Wednesday, August 7, 2024

Skylight by Silvina Ocampo


Illustration by Icinori


Skylight 

by Silvina Ocampo


Translated, from the Spanish, by Suzanne Jill Levine and Katie Lateef-Jan.


Silvina Ocampo / Cielo de claraboyas


11 July 2019

The elevator gate had gold chalices with flowers and spirals of black iron foliage that would catch your eye when you were sad, watching, hypnotized by those huge snakes, the uncoiling elevator cables. It was my oldest aunt’s house, where I was taken on Saturdays to visit. Above the hall in that house with a skylight was another mysterious home, and through the glass you could see a family of feet, surrounded by halos, like saints, and the shadows of the rest of the bodies to which those feet belonged, shadows flattened like hands seen through bathwater. There were two tiny feet and three pairs of big feet, two with spiked high heels which took short steps. Trunks moved across the floor with the noise of a thunderstorm, but the family never seemed to travel. They always sat in the same bare room, unfolding newspapers while melodies flowed incessantly from the player piano, which was always stuck on the same tune. From time to time, voices bounced like balls against the floor or fell quietly onto the rug.
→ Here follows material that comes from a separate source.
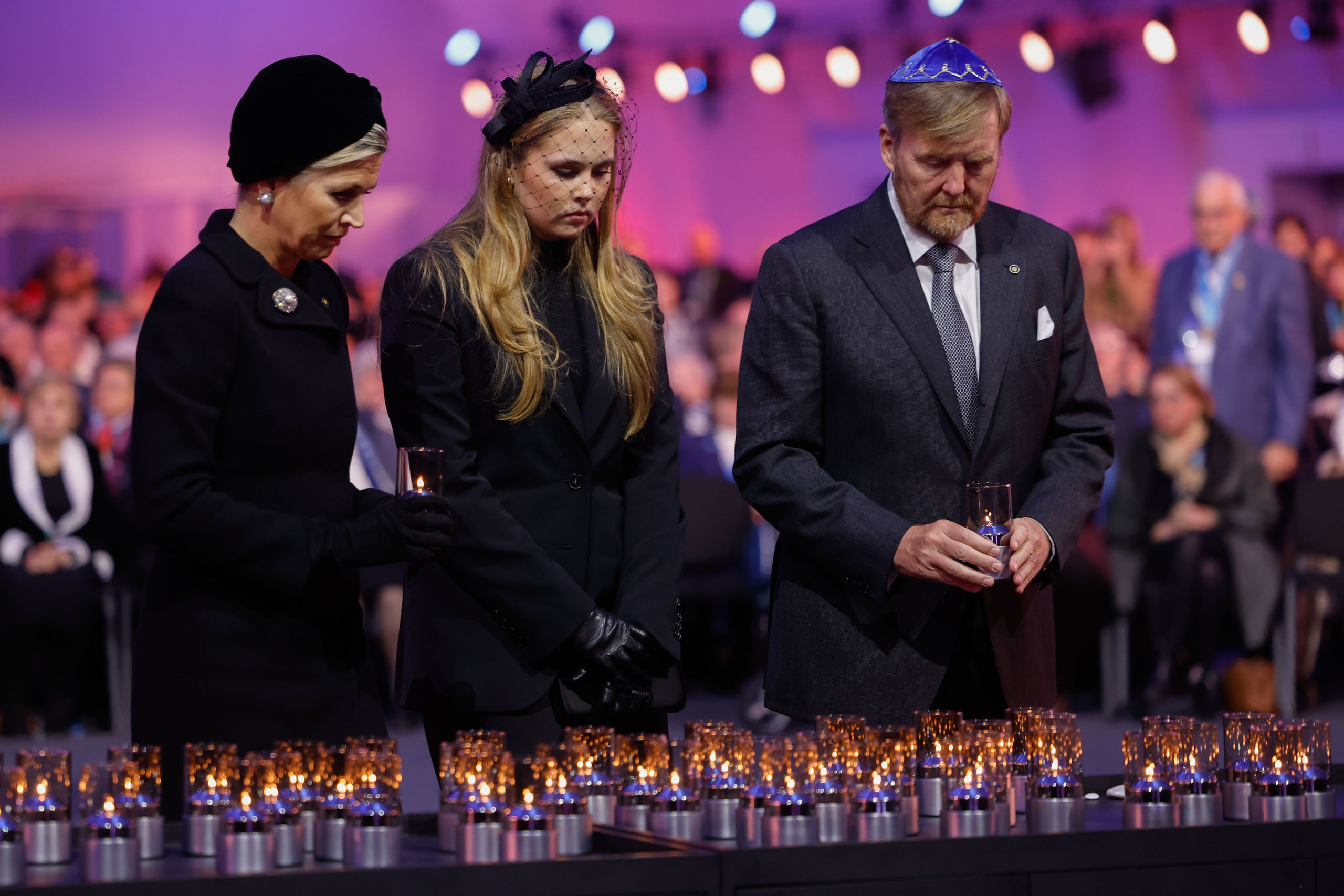 La reina Máxima, Amali, princesa de Orange y el rey Guillermo Alejandro de los Países Bajos. Como es tradición en el rey cada vez que asiste a un acto donde se homenajea al pueblo judío, ha utilizado la kippa.
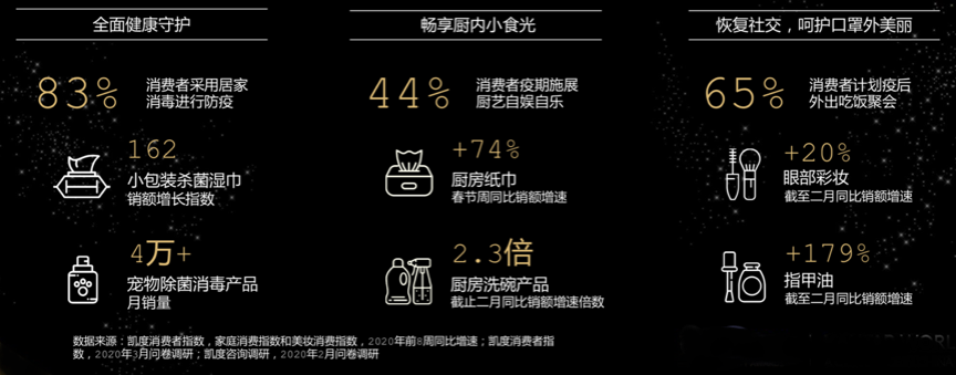 放大“健康性品質類”快速品需求,健康商品、健康消費和品質消費。根據凱度消費者指數、家庭消費指數和美妝消費指數等綜合資訊表明,疫情帶給我們的,除了消毒用品、家庭清潔用品等健康消費的提升,更加快了民眾普遍關心的商品可靠、健康商品及健康消費的品牌策劃營銷宣傳,通過線上科普教育、社群交流、內容種草、活動激發等提升用戶的品牌認同感。

One winter night, a towering wooden clock that grew like a tree at bedtime struck nine; icy gusts whipped through cracks in the windows, which were heavy with curtains that smelled perpetually of mothballs, and shook the tropical shadow of a plant shaped like a palm tree. The street was filled with fruit-and-newspaper venders, melancholy like farewells in the night. The home above was empty, except for the small cry of a little girl (who had just received a good-night kiss but didn’t want to go to sleep), and the shadow of a hoop skirt, like a black devil in a perverse schoolmistress’s ankle boots. A voice that was all furrowed brows and wiry hair shouted “Celestina! Celestina!,” making a very dark abyss of that name. And, after the cry grew smaller and fainter, the two tiny feet appeared, jumping rope, and a laugh and then another laugh fell from the bare feet of Celestina, who was in her nightgown with a candy in her mouth. Her nightgown was the shape of a cloud, against the square panes of green glass. The voice from the bootie-clad feet was getting stronger: “Celestina, Celestina!” The laughs that answered her grew sharper, louder. The bare feet were jumping over the dancing, oval-shaped rope while a music box with a doll on top played.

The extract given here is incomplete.